Raw data
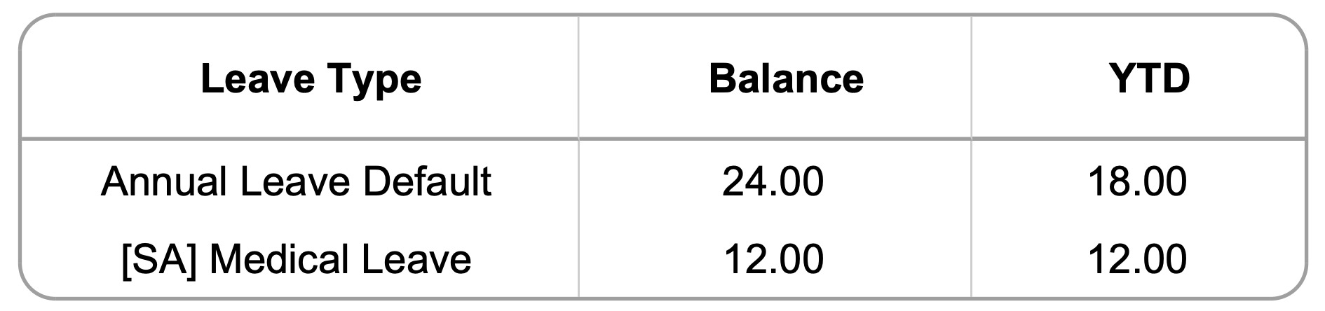 The leave types displayed are based on the Leave Info Display setting in each leave type. You can select which leave types should appear here.
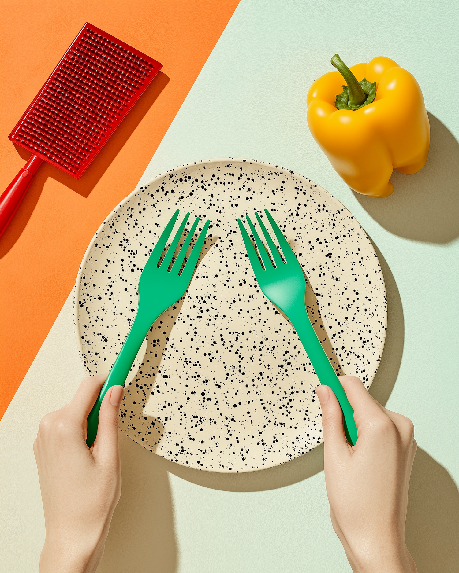 Colorful composition with a speckled plate, green forks, a red fly swatter, and a yellow bell pepper on vibrant backgrounds.
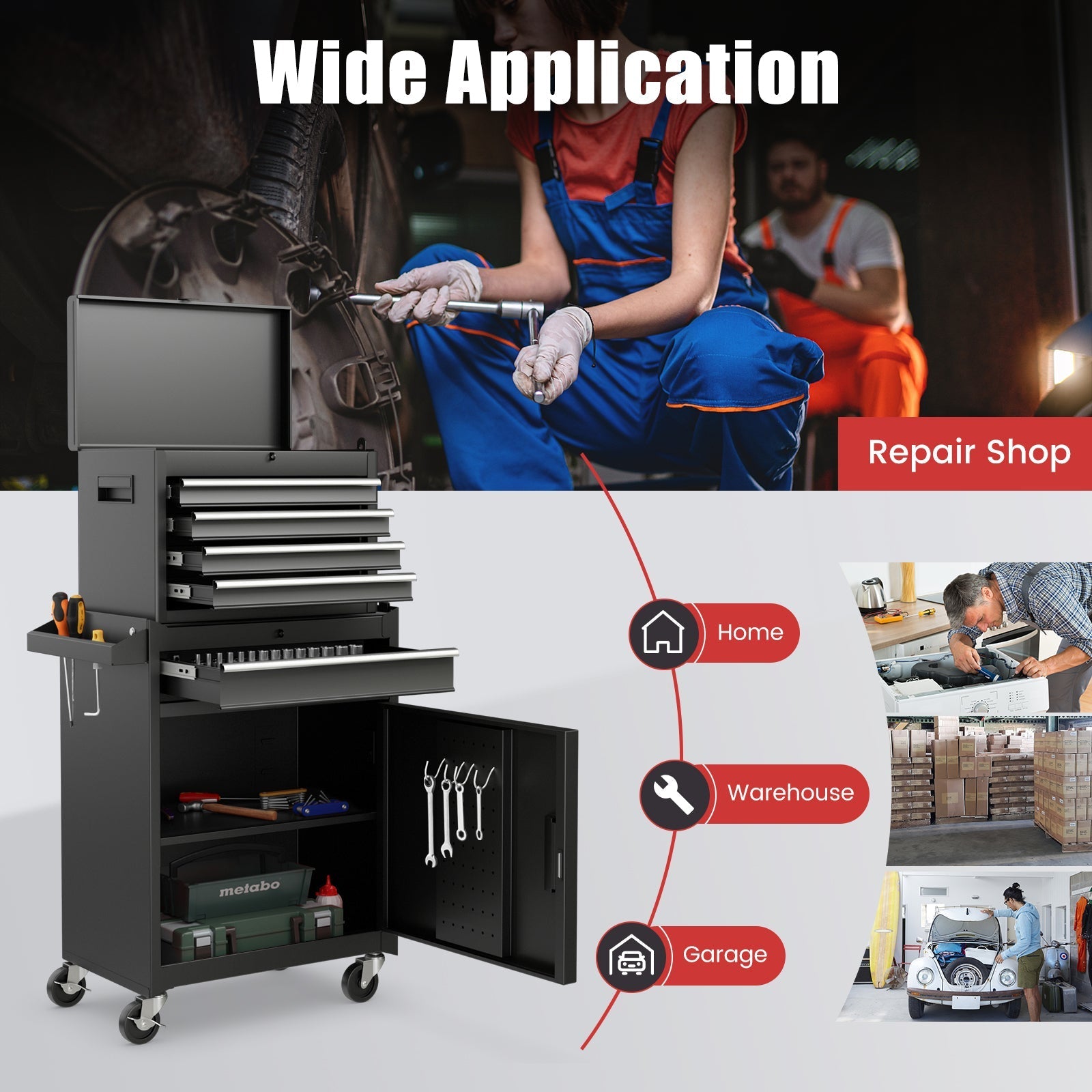 Upgrade your workspace organization with this 5-drawer rolling tool chest. Designed for both convenience and security, this tool storage cabinet features lockable wheels to keep your tools safe while allowing for easy mobility. The adjustable shelf ensures you can neatly organize any tool size and access them with ease. Plus, the removable tool box organizer provides even more customization options. This high-capacity tool chest is built to last with heavy-duty metal which is sturdy and rustproof. You can trust that with this well-designed rolling tool chest, all your tools are well classified and organized. Improve your efficiency with this must-have addition to your workspace! 2-in-1 Detachable Design: The whole tool storage cabinet consists of a removable upper chest and a large bottom cabinet. The upper chest can be detached and put into the bottom cabinet, saving space and meeting more of your demands. Note: please remove the inner shelf of the bottom cabinet first.Perfect Tool Organizer: The upper chest with 4 drawers and a top compartment offers classified storage space for multiple tools. Also, the bottom cabinet with a drawer features a tool hanging board and 3-level adjustable inner shelf for additional storage space.Move without Effort: Equipped with 4 360° swiveling wheels, 2 of which are lockable, the rolling tool chest is much easier to move around. Moreover, the convenient handle on the side is also perfect to store tools.Well-Designed Details: Each drawer boasts smooth drawer slide for easy pulling in or out. Plus, you can fix the drawer lock bar to lock all the drawers without pulling out during moving. The whole cabinet also includes anti-slip liners to keep the items always in place.Wide Applications: This functional rolling tool chest will make all your tools clean and tidy, highly improving your working efficiency. Whether in the tool room, auto repair shop or warehouse, it will always be your practical helper.
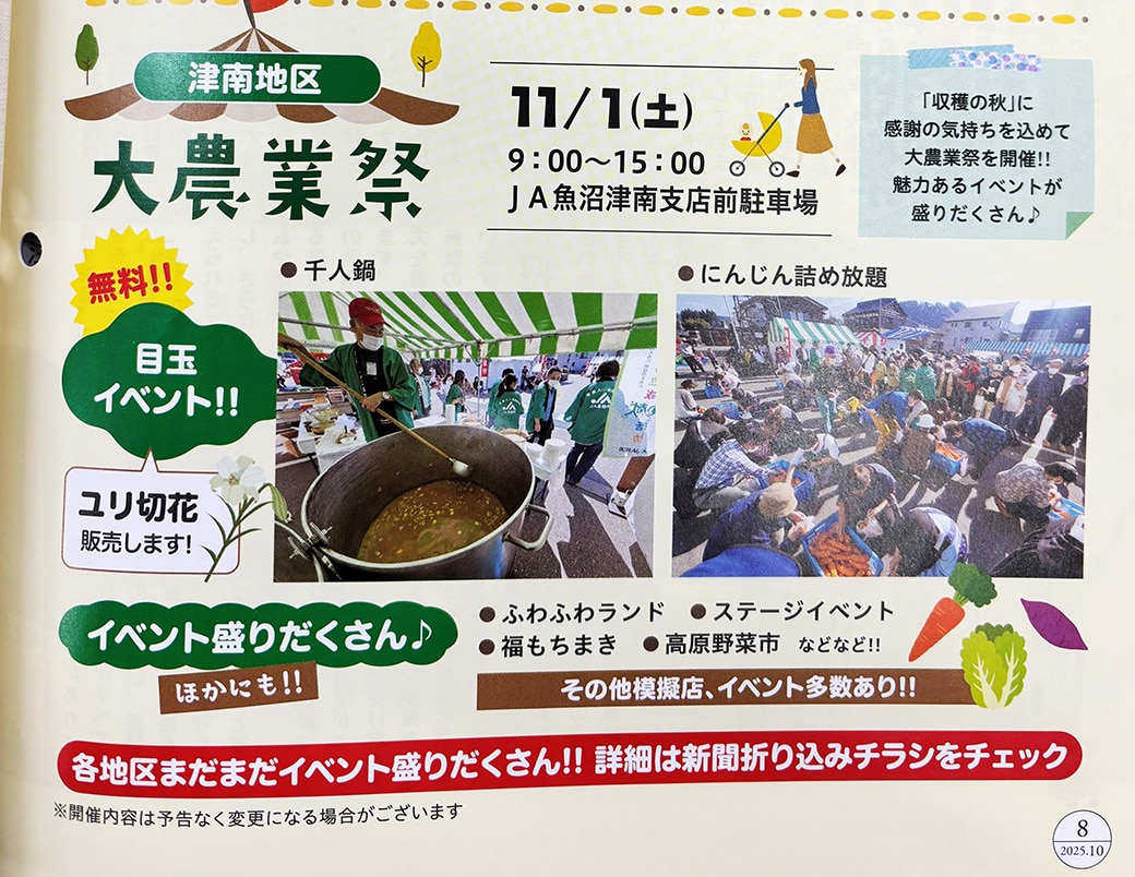 風が冷たく、秋の気候に夏の暑さが懐かしくなるこの時期。津南町では、11月1日にJA魚沼農業祭が行われます。毎年大盛況のこのイベント、今年は合併2年目ということで津南地区だけでなく、それぞれの地区でおにぎりの販売が行われます。他にもステージパフォーマンスがあったり、キッチンカーが来たりと盛りだくさん。楽しい企画をご用意しておりますのでぜひ、この機会に秋の魚沼津南へ遊びに来てみてはいかがでしょうか。みなさまのご来場をお待ちしております。

Exercise aim
Drop the images; restate the listing exactly.

Result of this exercise
 The leave types displayed are based on the Leave Info Display setting in each leave type. You can select which leave types should appear here.
 Colorful composition with a speckled plate, green forks, a red fly swatter, and a yellow bell pepper on vibrant backgrounds.
 Upgrade your workspace organization with this 5-drawer rolling tool chest. Designed for both convenience and security, this tool storage cabinet features lockable wheels to keep your tools safe while allowing for easy mobility. The adjustable shelf ensures you can neatly organize any tool size and access them with ease. Plus, the removable tool box organizer provides even more customization options. This high-capacity tool chest is built to last with heavy-duty metal which is sturdy and rustproof. You can trust that with this well-designed rolling tool chest, all your tools are well classified and organized. Improve your efficiency with this must-have addition to your workspace! 2-in-1 Detachable Design: The whole tool storage cabinet consists of a removable upper chest and a large bottom cabinet. The upper chest can be detached and put into the bottom cabinet, saving space and meeting more of your demands. Note: please remove the inner shelf of the bottom cabinet first.Perfect Tool Organizer: The upper chest with 4 drawers and a top compartment offers classified storage space for multiple tools. Also, the bottom cabinet with a drawer features a tool hanging board and 3-level adjustable inner shelf for additional storage space.Move without Effort: Equipped with 4 360° swiveling wheels, 2 of which are lockable, the rolling tool chest is much easier to move around. Moreover, the convenient handle on the side is also perfect to store tools.Well-Designed Details: Each drawer boasts smooth drawer slide for easy pulling in or out. Plus, you can fix the drawer lock bar to lock all the drawers without pulling out during moving. The whole cabinet also includes anti-slip liners to keep the items always in place.Wide Applications: This functional rolling tool chest will make all your tools clean and tidy, highly improving your working efficiency. Whether in the tool room, auto repair shop or warehouse, it will always be your practical helper.
 風が冷たく、秋の気候に夏の暑さが懐かしくなるこの時期。津南町では、11月1日にJA魚沼農業祭が行われます。毎年大盛況のこのイベント、今年は合併2年目ということで津南地区だけでなく、それぞれの地区でおにぎりの販売が行われます。他にもステージパフォーマンスがあったり、キッチンカーが来たりと盛りだくさん。楽しい企画をご用意しておりますのでぜひ、この機会に秋の魚沼津南へ遊びに来てみてはいかがでしょうか。みなさまのご来場をお待ちしております。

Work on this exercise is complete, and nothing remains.